The Brief
Volvo Group's fleet management division operates at a scale that makes the difference between reactive and predictive maintenance a measurable financial event. A truck taken offline unexpectedly costs more than a truck serviced proactively — not just in parts and labor, but in logistics disruption, delivery delays, and customer penalties.
The engagement was on the ML and IoT data engineering side: building the systems that ingest sensor data from connected vehicles, detect anomalies, and predict maintenance needs before failures occur.
The Approach
Predictive maintenance for heavy vehicles is not a novel problem domain. What made this engagement technically interesting was the constraint: inference needed to happen at the edge — on the vehicle, or in roadside compute infrastructure — not in a central cloud. The fleet operates in areas with intermittent connectivity. A maintenance alert that requires a cloud round-trip to generate is less useful than an alert generated locally.
This pushed the model architecture toward efficiency. The research models used in development were large; the production models needed to fit in embedded compute with severe memory and power constraints.
"The best model for production is not the most accurate model. It is the most accurate model that fits your constraints."
The Build
The data pipeline was built on a streaming architecture. Each vehicle generates telemetry continuously: engine temperature, oil pressure, transmission torque, brake pad sensors, dozens of other signals. The volume across the fleet is substantial.
Apache Kafka handled the streaming ingestion. Feature engineering — rolling statistics, frequency-domain features derived from vibration sensors, cross-signal correlations — ran in the stream processing layer before the data reached model inference. Precomputing features in the stream rather than at query time was essential for hitting the latency requirements.
The anomaly detection models were gradient-boosted trees trained on historical failure data, with class imbalance handled via careful sampling strategy. (Class imbalance is severe in maintenance prediction: most of the time, nothing is wrong.) The models were converted to ONNX format for deployment to edge devices.
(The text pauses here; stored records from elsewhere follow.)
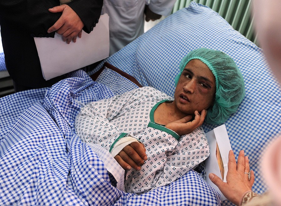 Read moreAfghan child bride Sahar Gul, 15, looks at Afghan Minister of Women's Affairs Husn Banu Ghazanfar (right) as she recovers at a hospital in Kabul, on December 31, 2011. Afghan police rescued the teenage girl who was beaten and locked up in a toilet for over five months after she defied her in-laws who tried to force her into prostitution, officials said on December 27. Sahar Gul was found in the basement of her husband's house in northeastern Baghlan province late on December 26, 2011, after her parents reported her disappearance to the police. #
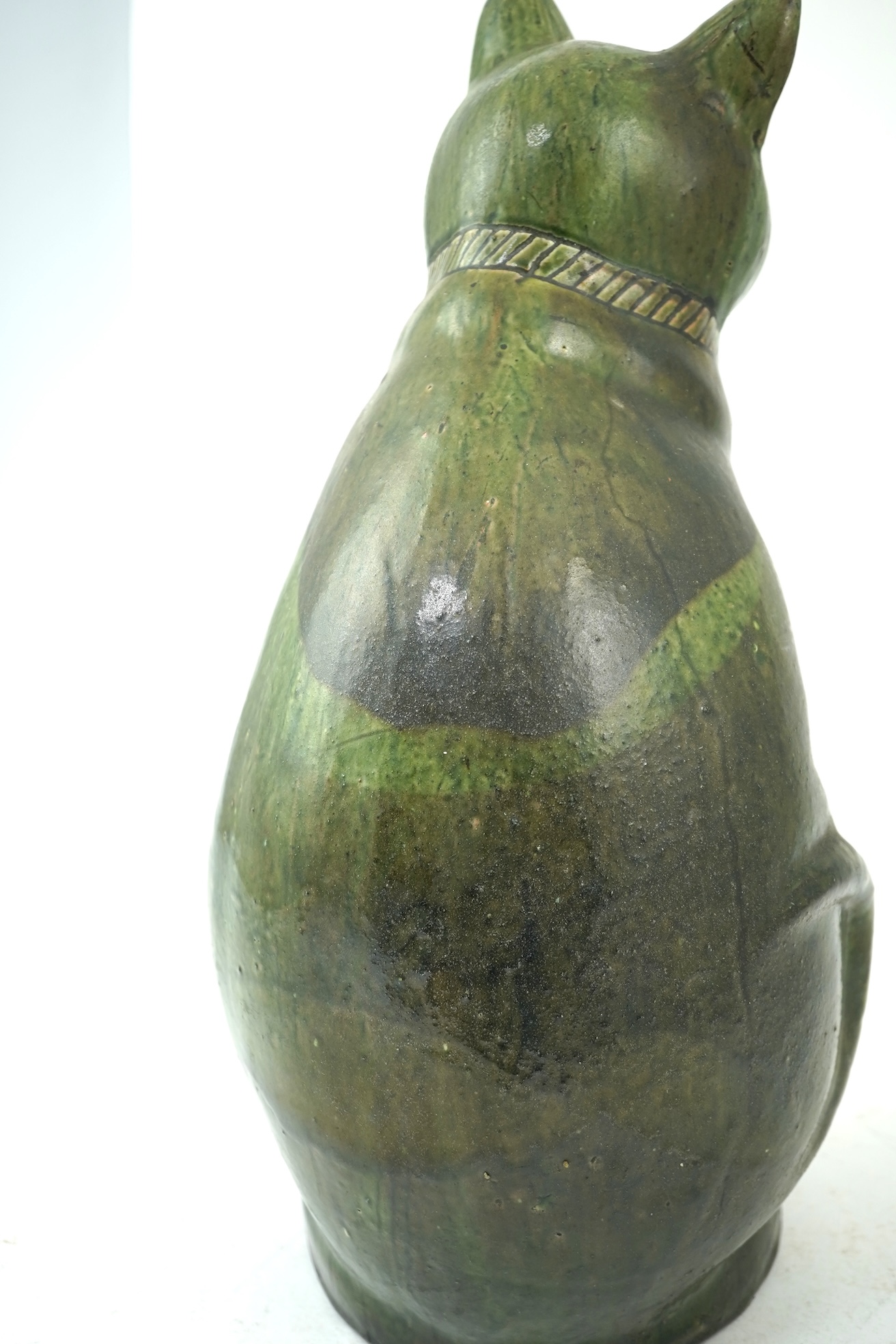 Ewenny Pottery: A large green-glazed figure of a seated cat, incised "Ewenny" and dated 1903 to the underside, 38.8cm high
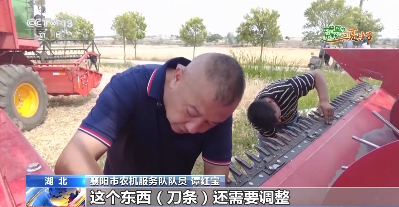 農(nóng)機(jī)維修也是夏收中非常重要的一個(gè)環(huán)節(jié)。在湖北省襄陽市襄州區(qū)黃龍鎮(zhèn)潘明村的1000畝大田里,6臺收割機(jī)正趕在雨前搶收。突然,一臺收割機(jī)出現(xiàn)故障止步不前,機(jī)手撥打維修電話20分鐘后,農(nóng)機(jī)服務(wù)車趕到了麥田旁。經(jīng)過檢修發(fā)現(xiàn),這臺收割機(jī)刀條發(fā)生了斷裂。
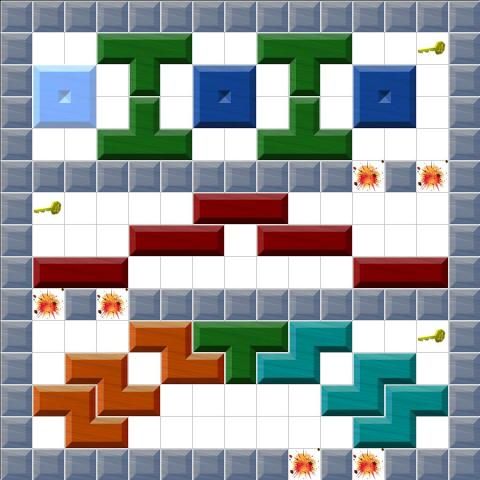 Your main goal is to extract the blinking pieces from the board moving or extracting the other pieces. As you progress in game you will find keys, dynamite sticks, bombs, nights, worms and other events that will make each level a different challenge.
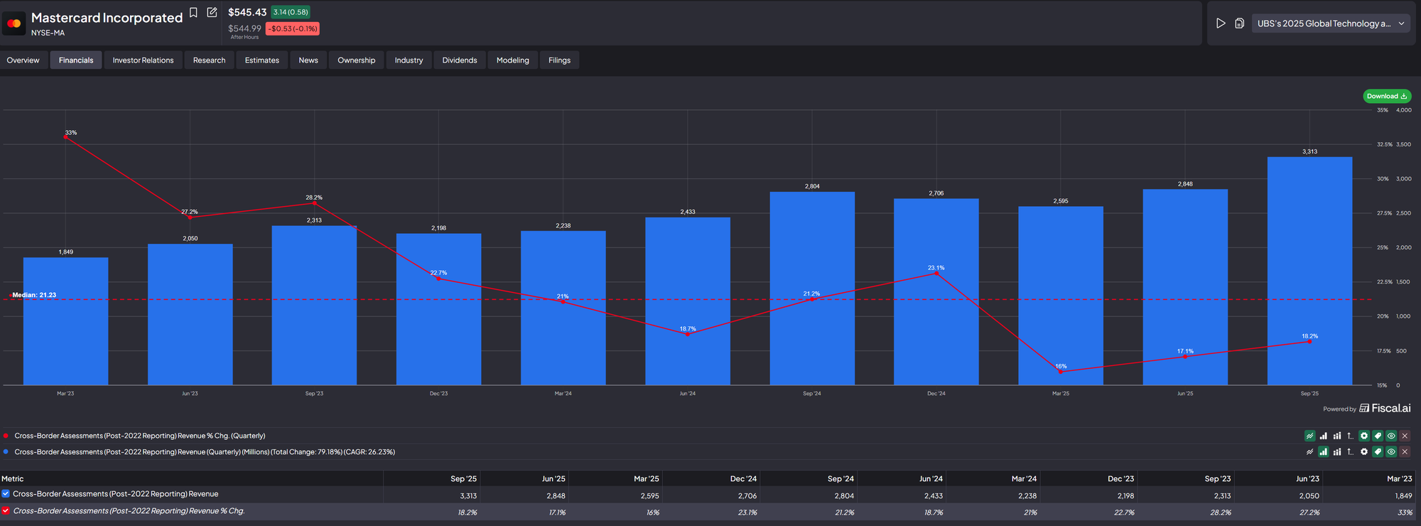 - Mastercard cross-border revenue growth: ~21 percent YoY
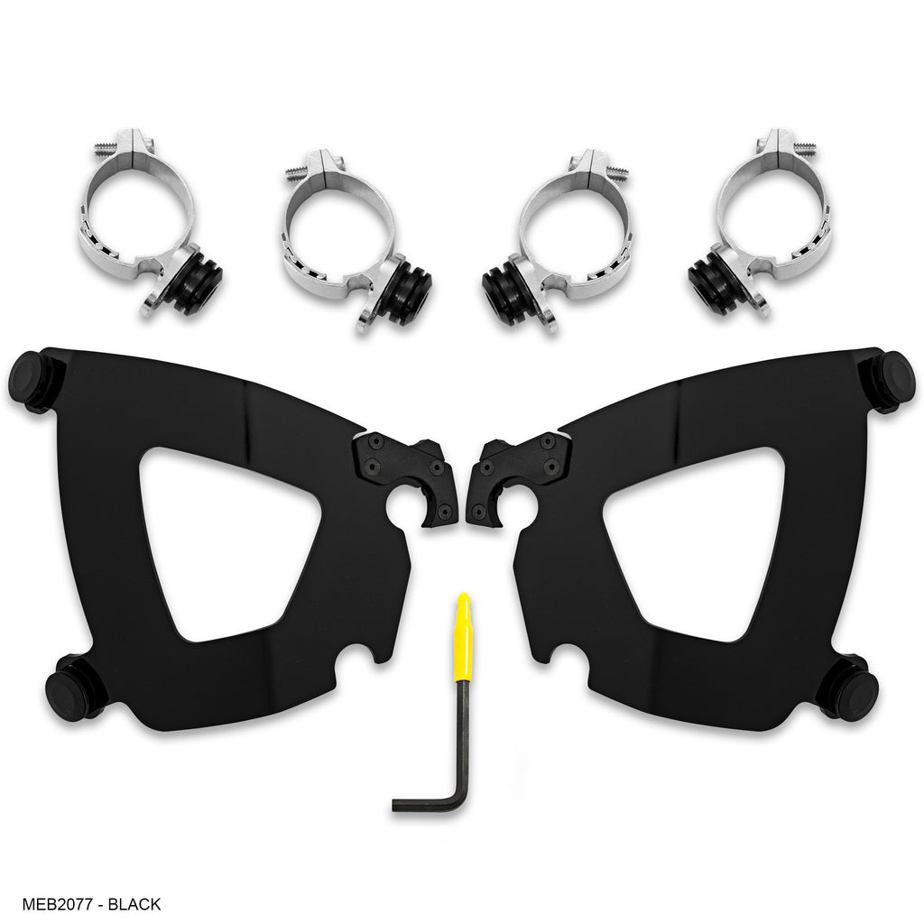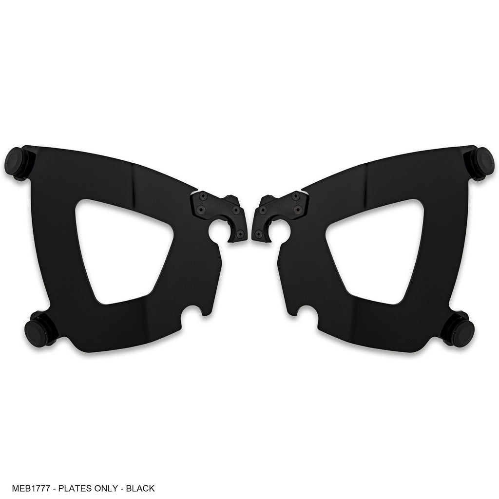 Trigger-Lock® Mounting Kits consist of anchoring hardware (the part that stays on the bike), and mounting plates (the part that connects the fairing or windshield to the bike). “Plates Only” kits can be use when you already have Memphis Shades Trigger-Lock anchoring hardware on your bike. For example, if you already run, say, a Gauntlet fairing, you could mount a windshield or another fairing using “Plates Only”.
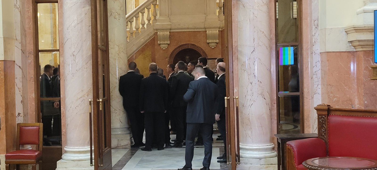 9.40 Kako javlja reporter N1 na ulazu u Skupštinu detaljno se pretresaju svi koji ulaze. Pojedinim poslanicima opozicije oduzeta i hrana. Reporter Danasa navodi da je na ulazu i na hodnicima vidno pojačano prisustvo skupštinskog obezbeđenja. U holu Narodne skupštine za sada su prisutne samo novinarske ekipe, a za razliku od jučerašnjeg dana nije najavljena nijedna konferencija za medije.
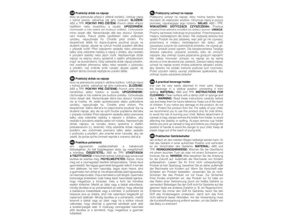 Uschovajte si balenie pre budúce potreby. Uchovávajte mimo dosah detí! Nikdy nenechávajte dieťa bez dozoru! Výrobok nie je hračka. Ak zistíte opotrebovanie alebo poškodenie výrobku, nepoužívajte ho. Chráňte pred ohňom. Pre bezpečnosť Vášho dieťaťa ho odporúčame iba na studené nápoje, aby ste sa vyhli hrozbe popálenia dieťaťa v prípade rozliatia! Pred odpojením sedadla alebo prenosnej tašky vždy odstráňte nádoby s nápojmi z držiakov, aby nedošlo k poručeniu stability alebo ich rozliatiu. Nepripevňujte držiak na nápoje na rovnakú stranu spoločne s ďalším príslušenstvom. Vždy odstráňte držiak nápojov predtým, ako zodvihnete prenosnú tašku alebo sedadlo z podvozku a predtým, ako zmeníte smer rukoväte, aby ste zaistili, že počas týchto činností nepríde k zraneniu dieťaťa.
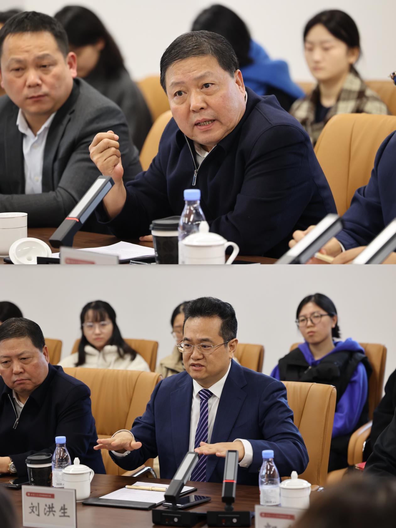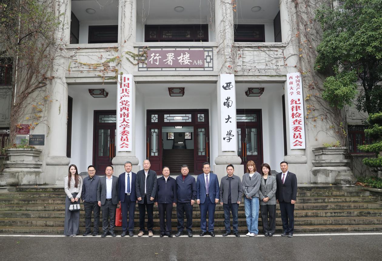 随后,刘洪生、董涛江一行前往西南大学行署楼,与学校党委书记张卫国举行亲切会谈。会谈中,张卫国书记对刘洪生、董涛江一行的到来表示热烈欢迎,并详细介绍了西南大学在人才培养、科学研究、文化传承创新等方面的发展成果,重点阐述了学校在农业科技、人文社科等领域的学科优势与特色。刘洪生在会谈中介绍了西宣传文化名家工作室的建设理念、发展定位及近年来在文化传播、人才培育等方面的实践成果,希望通过此次交流,探索文化与教育融合发展的新路径,共同打造文化传播精品项目。董涛江则结合山西盛世集团的产业布局,围绕校企合作、产学研融合等话题提出建议,表达了集团参与高校人才培养、推动科研成果转化的积极意愿。
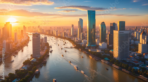 © SecretCanvas, Fototapeta premium The evening cityscape glows warmly as tall buildings and a shimmering river rest beneath a beautiful blueish orange sky and calm atmosphere birdview landscape aesthetic photo
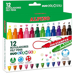 ALPINO - ESTUCHE 12 ROTULADORES DUO STAMPER C/PUNTAS QUE ESTAMPAN DIBUJOS C/SURTIDOS (Ref.AR001059)

The edge deployment infrastructure used a custom update mechanism — models were versioned, tested in simulation, and deployed to vehicles over the air during scheduled connectivity windows. Rolling deployment with automatic rollback on performance degradation was built from the start.
class EdgeModelUpdater:
def deploy_update(
self,
model_version: str,
vehicle_ids: list[str],
rollout_pct: float = 0.1
) -> DeploymentResult:
pilot_fleet = sample(vehicle_ids, int(len(vehicle_ids) * rollout_pct))
result = self._deploy_to_fleet(model_version, pilot_fleet)
if result.p95_accuracy < self.baseline_accuracy * 0.98:
self._rollback(pilot_fleet)
return DeploymentResult(status="rolled_back", reason="accuracy_regression")
return result
The Outcome
The 15% reduction in fleet downtime is a number that came from the Volvo data team's analysis after the systems were in production. The mechanism was clear: predictive alerts gave logistics operators enough lead time to schedule proactive maintenance during planned downtime windows rather than responding to unexpected failures.
The edge inference system handled the connectivity constraint as designed. Alerts generated in low-connectivity zones were queued locally and synchronized when connectivity was restored, while time-critical alerts (imminent failure detection) triggered local operator notifications.
Lessons
IoT data is messier than the sensor datasheets suggest. Calibration drift, sensor failures, communication errors, and vehicles operating outside their designed envelope all produce data that will confuse models trained on clean data. The data cleaning and anomaly filtering layer is not a preprocessing detail — it is half the engineering work.
Edge deployment requires treating the device fleet as a distributed system, not as N independent devices. Rollout strategy, version tracking, and automated rollback are not optional features; they are the difference between a controlled update and a fleet-wide incident.
Kubernetes for training infrastructure, edge compute for inference — the split is correct. Do not run training jobs on edge hardware.